Anche in questo caso non esistono meccanismi di difesa, di fact checking o possibilità di replica perchè Fox News è un canale televisivo che parla a chi, come il mio follower, non riflette, reagisce d’istinto, sente di avere fedi incrollabili e si lascia invece facilmente trascinare dagli tsunami mediatici con una capacità di intervento pari a quella di un pesce rosso.

Per capire come mai uno dei più portanti (e fino a pochi giorni fa stimati) brand del lusso è finito sotto l’attacco simultaneo di migliaia di persone, giornalisti, media e celebrities bisogna osservare attentamente due foto.

La prima è una campagna per i regali di Natale scattata da Gabriele Galimberti che raffigura bambini, circondati da una serie di oggetti, che tengono in mano degli orsetti di peluche vestiti con paramenti fetish, avvicinabili al mondo Bdsm, pratiche sessuali che hanno a che vedere con la sottomissione, il bondage, il sadomasochismo.

Gabriele Galimberti è un fotografo che raramente lavora con la moda e che al suo attivo ha una serie di fotografie chiamata The Ameriguns, in cui racconta l’amore feticistico delle tranquille famiglie della provincia americana per le armi e una che si chiama Toy Stories, in cui bambini di tutto il mondo vengono raffigurati vicini ai loro giochi, a volte poverissimi, a volte molto ricchi, a volte molto strani.

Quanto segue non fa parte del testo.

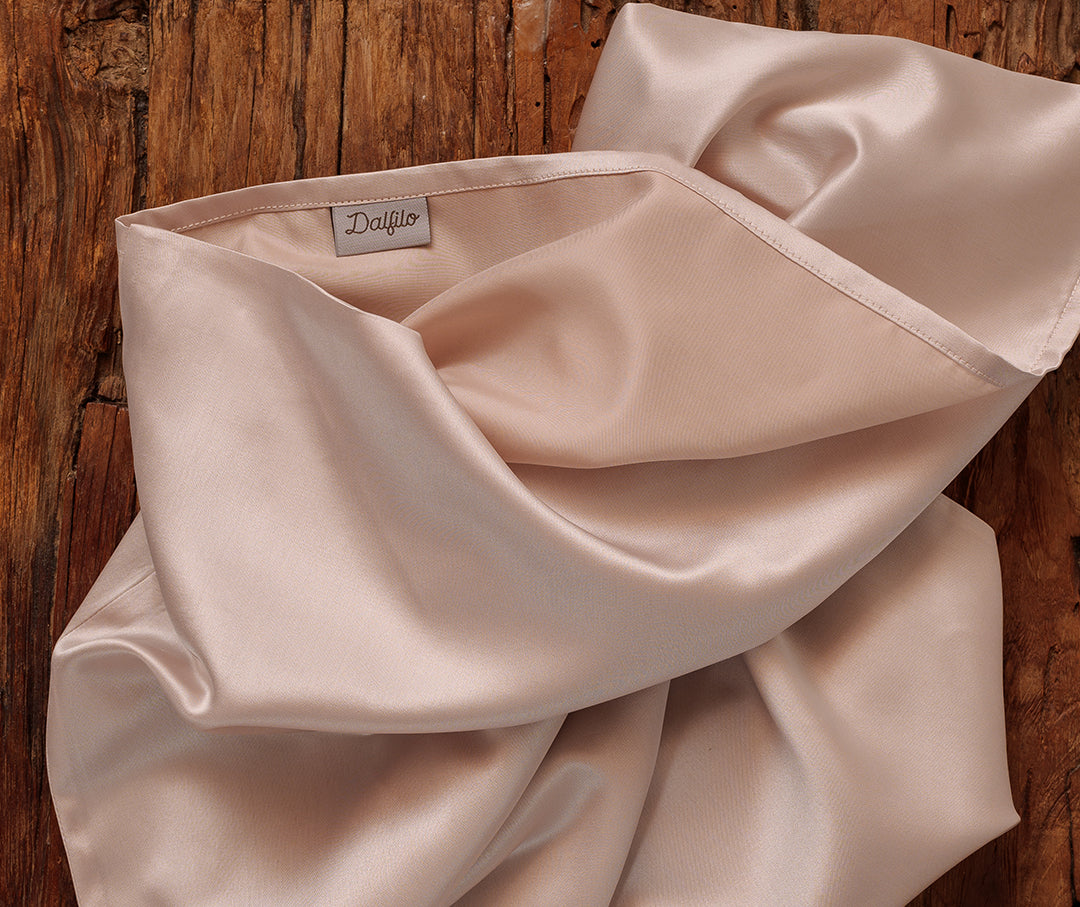 Ein innovativer Stoff, speziell entwickelt, um dir ein elegantes, langlebiges und strapazierfähiges Kissenbezug zu bieten: außen die glänzende und raffinierte Seide, mit zahlreichen Vorteilen für deine Haut und Haare; innen, als Unterstützung und Verstärkung, die zeitlose Baumwolle.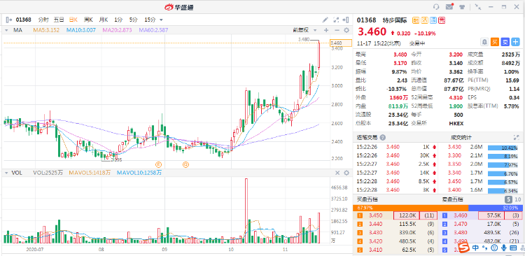 11月17日消息,特步国际涨10.19%,现报3.46港元,创近9个月新高,最新市值87.67亿港元。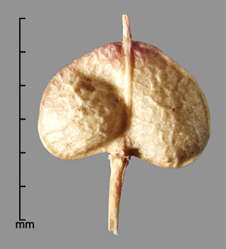 Fruit a 2-chambered silicle with 1–2 seeds per chamber, cordate, compressed in cross-section, 2–4 mm tall, 3–5 mm broad, with conspicuous reticulation on surface.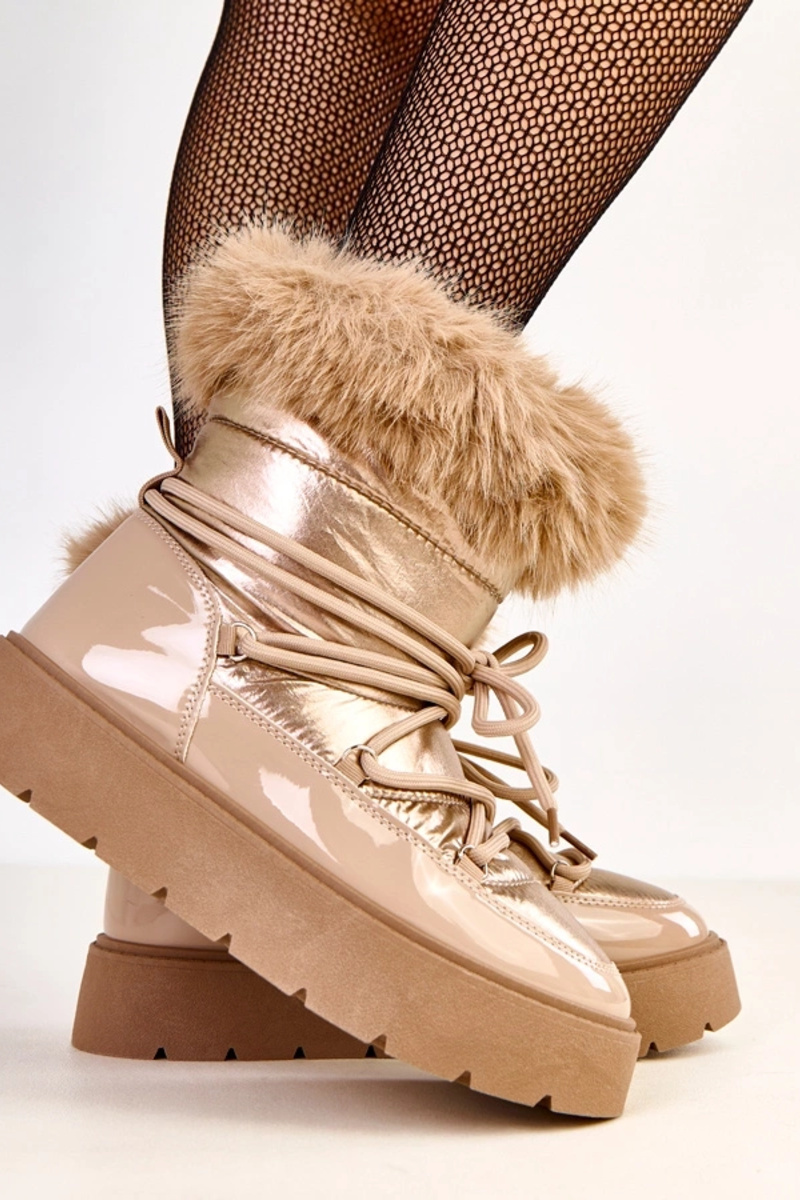 Smėliniai sniego batai su raišteliais ir lakuotu akcentu Garis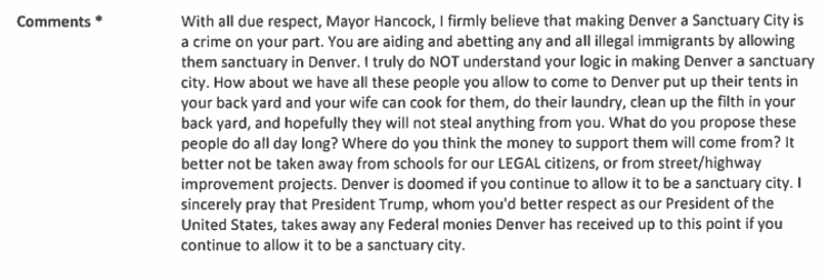 This comes despite constant efforts by Mayor Hancock and other city officials to distance themselves from the term, which has no formal legal definition. Nowhere in the new immigration bill are the words “sanctuary city.” Even so, many who oppose the city’s actions seem to think that Denver has formally declared itself a sanctuary city: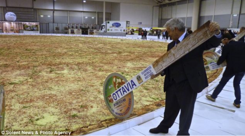 Историческая родина пиццы - Италия, в 2012 году вернула, наконец, себе лидерство по изготовлению наибольшей пиццы в мире. Предыдущий рекорд был установлен в 1990 году одним из южноафриканских супермаркетов, которым была выпечена пицца диаметром 40 метров.

In entrambi i casi l’occhio di Galimberti (che è uno che lavora per testate come il National Geographic) nell’osservazione fredda e cruda della realtà crea uno spaesamento che ci permette di osservare la criticità nella rappresentazione di un’allegra famigliola con un arsenale di fucili da fare invidia a Rambo o di un bambino i cui gli unici giochi sono pistole finte.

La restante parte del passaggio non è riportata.